Dalam bukunya, The Book of Laughter and Forgetting (1978), Kundera, pengarang Ceko yang tinggal di Paris, menuliskan paragraf terkenal: kini tahun 1971, dan Mirek mengatakan bahwa perjuangan manusia melawan kekuasaan adalah perjuangan manusia melawan lupa. Berpuluh tahun lamanya, ungkapan ini hanya sebagai ‘kata lain’ dari berbagai peristiwa kekuasaan yang tak pernah mengindahkan maksud dan tujuan awalnya. Bahkan, meminjam istilah ini, era reformasi yang didengungkan 1998 pun hanya sebatas usaha melawan kelupaan orde baru terhadap nilai-nilai UUD 1945 dan Pancasila yang dihambur-hamburkan. Lalu apa hubungan lupa dan kuasa? Kok seolah-olah keduanya memiliki kaitan yang kuat?

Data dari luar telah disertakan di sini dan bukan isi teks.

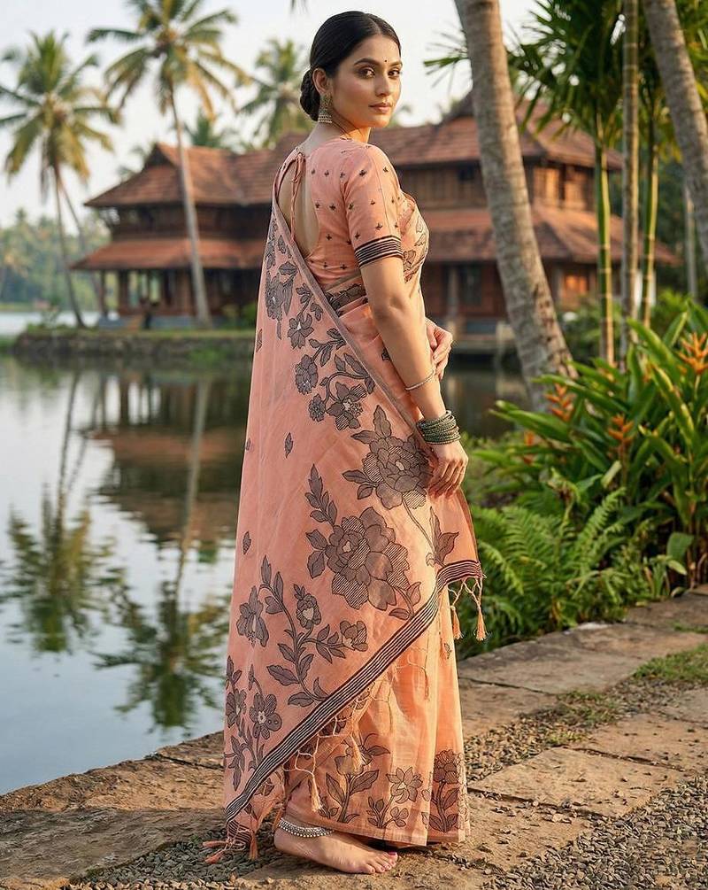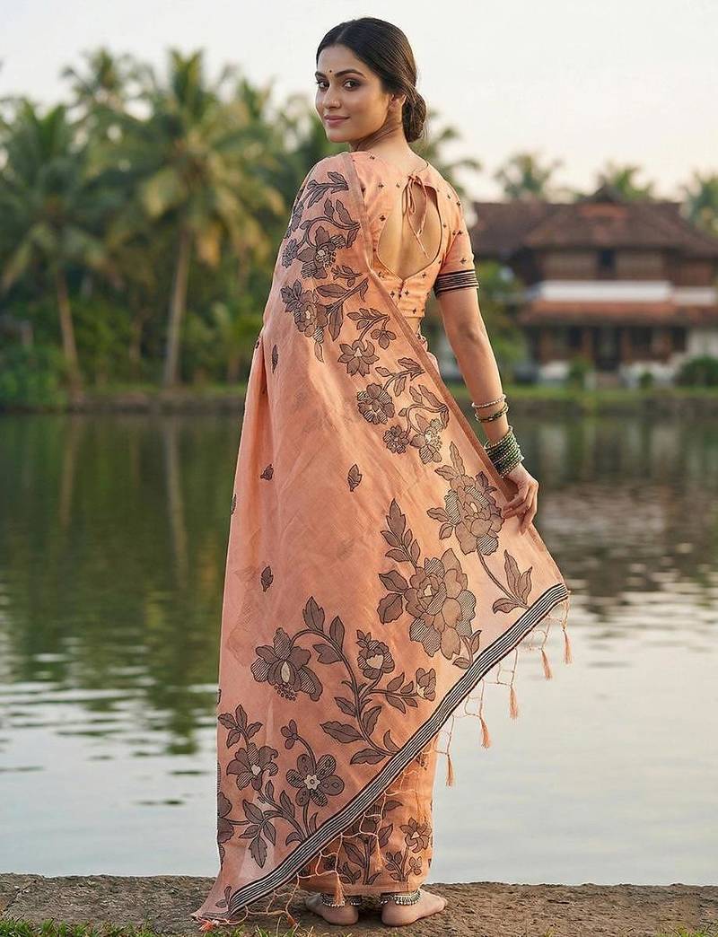 | Product Name | Orange Linen Cotton Print & Embroidered Work Saree With Blouse | |
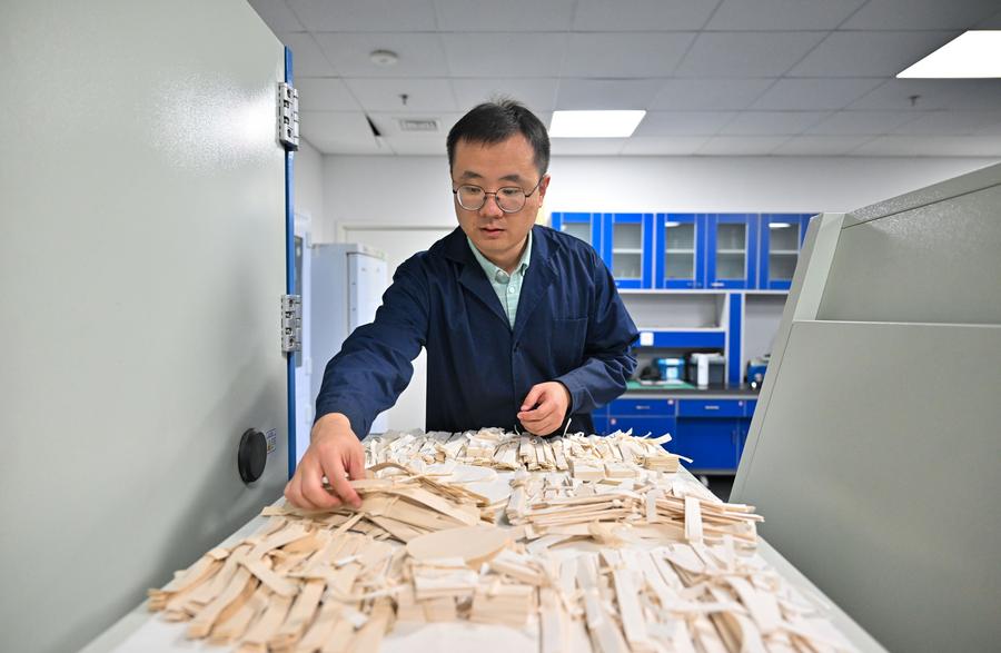 Gao Xuemiao cleans experimental utensils at the laboratory of Tianjin Library in north China's Tianjin Municipality, April 22, 2024. (Xinhua/Sun Fanyue)

Inilah cerita yang menarik: Yukio Hatoyama, mantan Perdana Menteri Jepang, pada tahun 2010 terpaksa mengundurkan diri. Alasannya cukup sederhana: dia ingat, kalau dia –waktu kampanye pemilu- berjanji untuk ‘mengusir’ marinir AS Futenma dari pangkalan Oikinawa. Tapi setelah pemerintahannya berjalan sembilan bulan lamanya, marinir AS ternyata masih ongkang-ongkang kaki di Okinawa. Andai dia lupa dengan janjinya, mungkin 17 ribu orang dengan formasi rantai 13 kilometer, akan terus melawan kelupaannya. Sayangnya, Hatoyama ingat, dan merasa dirinya gagal. Karena gagal, ia memtuskan mengundurkan diri dari kursi empuk perdana menteri. Karena kekuasaan tidak lupa, maka tak perlu ada perlawanan berlarut-larut.

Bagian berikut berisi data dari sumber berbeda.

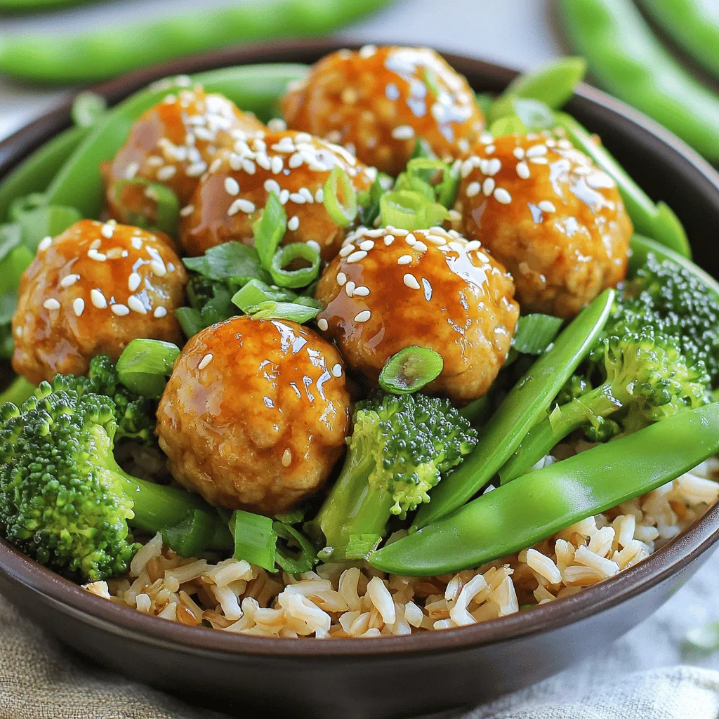 You need ground chicken or turkey for the meatballs. This choice keeps the dish lean yet flavorful. Breadcrumbs and Parmesan cheese add texture and taste. An egg binds everything together. For the bowl, I love using cooked brown rice. It gives a nice nutty flavor and is healthy. The fresh veggies, broccoli and snap peas, add crunch and color.
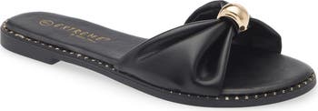 High-polish hardware cinches the toe strap of this elevated slide sandal
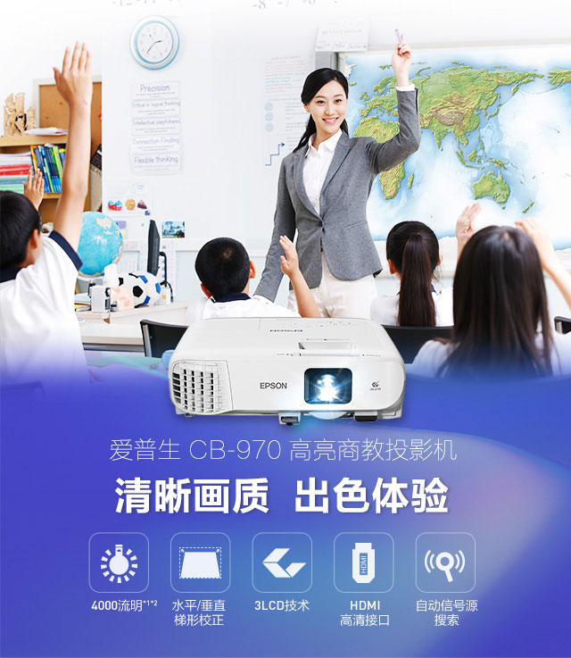 商品名称:爱普生/Epson 办公 投影机 投影仪(4000流明 双HDMI高清接口)CB-970

Lain lagi cerita tentang Si Pawang ular di sebuah arena pasar malam yang mati karena ‘lupa’. Awalnya dia ingat nasihat moyangnya: ular memiliki racun yang mematikan. Berusahalah ia menjinakkan ular tersebut. Atas usahanya ini, Si Pawang menjelma penguasa ular. Sayangnya kekuasaan yang puluhan tahun dijalaninya membuatnya lupa: ular tetaplah ular. Konon, di suatu pementasan: ular yang ‘dikuasainya’ dimasukkan dari mulutnya dan dikeluarkan lewat hidungnya. Adegan ini menghibur sekaligus penuh tantangan. Tapi karena Si Pawang sudah lupa, ia pun terlena. Pada satu pertunjukan Si Ular pun tidak keluar dari hidungnya. Si Ular lebih memilih masuk ke dalam kerongkongan Si Pawang dan menancapkan patukannya tepat di dalam dada Si Pawang. Tamatlah riwayat kekuasaan Si Pawang karena ‘lupa’.

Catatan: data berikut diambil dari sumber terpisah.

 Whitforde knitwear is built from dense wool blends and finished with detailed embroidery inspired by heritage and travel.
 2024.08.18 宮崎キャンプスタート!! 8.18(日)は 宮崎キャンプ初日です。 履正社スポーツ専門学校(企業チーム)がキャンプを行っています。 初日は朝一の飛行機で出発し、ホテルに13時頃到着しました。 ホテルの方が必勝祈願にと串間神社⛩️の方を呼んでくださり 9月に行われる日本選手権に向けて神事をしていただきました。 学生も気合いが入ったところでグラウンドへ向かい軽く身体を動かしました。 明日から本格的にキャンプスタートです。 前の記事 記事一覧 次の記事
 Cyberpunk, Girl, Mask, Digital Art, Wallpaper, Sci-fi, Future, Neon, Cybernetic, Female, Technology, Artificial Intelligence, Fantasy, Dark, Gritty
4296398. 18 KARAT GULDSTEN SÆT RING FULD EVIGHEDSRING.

Di era-SBY, kata-kata tokoh Mirek-nya Kundera di atas menemukan cerita konkret: saya minta kepada Bapak SBY jangan sakiti istri saya. Saya tidak akan ngomong apa-apa. Saya lupa semuanya, kata Nazaruddin. Entah benar atau tidak omongan Nazaruddin, tapi yang terjadi Nazaruddin memang ‘lupa’ tentang nyanyiannya. Beberapa waktu lalu, Nazaruddin lewat video skype mengungkapkan: bahwa banyak teman-teman sejawatnya di Partai Demokrat: Anas Urbaningrum, Andi Mallarangeng, ‘ibu-artis’ Angelina Sondakh, Mirwan Amir, ‘Putra-Mahkota’ Ibas, dan lainnya, merupakan para pemain sandiwara nomor wahid. Bersama mereka proyek-proyek penghisap uang negara lahir dan berjalan dengan santun. Tidak hanya itu, O.C. Kaligis yang beberapa waktu lalu sempat menemui Nazaruddin di Singapura, juga menegaskan: yang tersimpan dalam memori Nazaruddin sangat menyeramkan. Andai berapa persennya saja dibuka ke publik, Negara Kesatuan Republik Indonesia akan goncang. Mungkin lagu “Untuk Bumi Kita” tak akan sempat diperdengarkan di sela upacara bendera tujuh-belasan? Apalagi penghargaan untuk ibu Negara Ani Yudhoyono yang berjasa atas perannya sebagai ‘simbol-aplaus’ Presiden di berbagai acara, mungkin tak akan sempat disematkan.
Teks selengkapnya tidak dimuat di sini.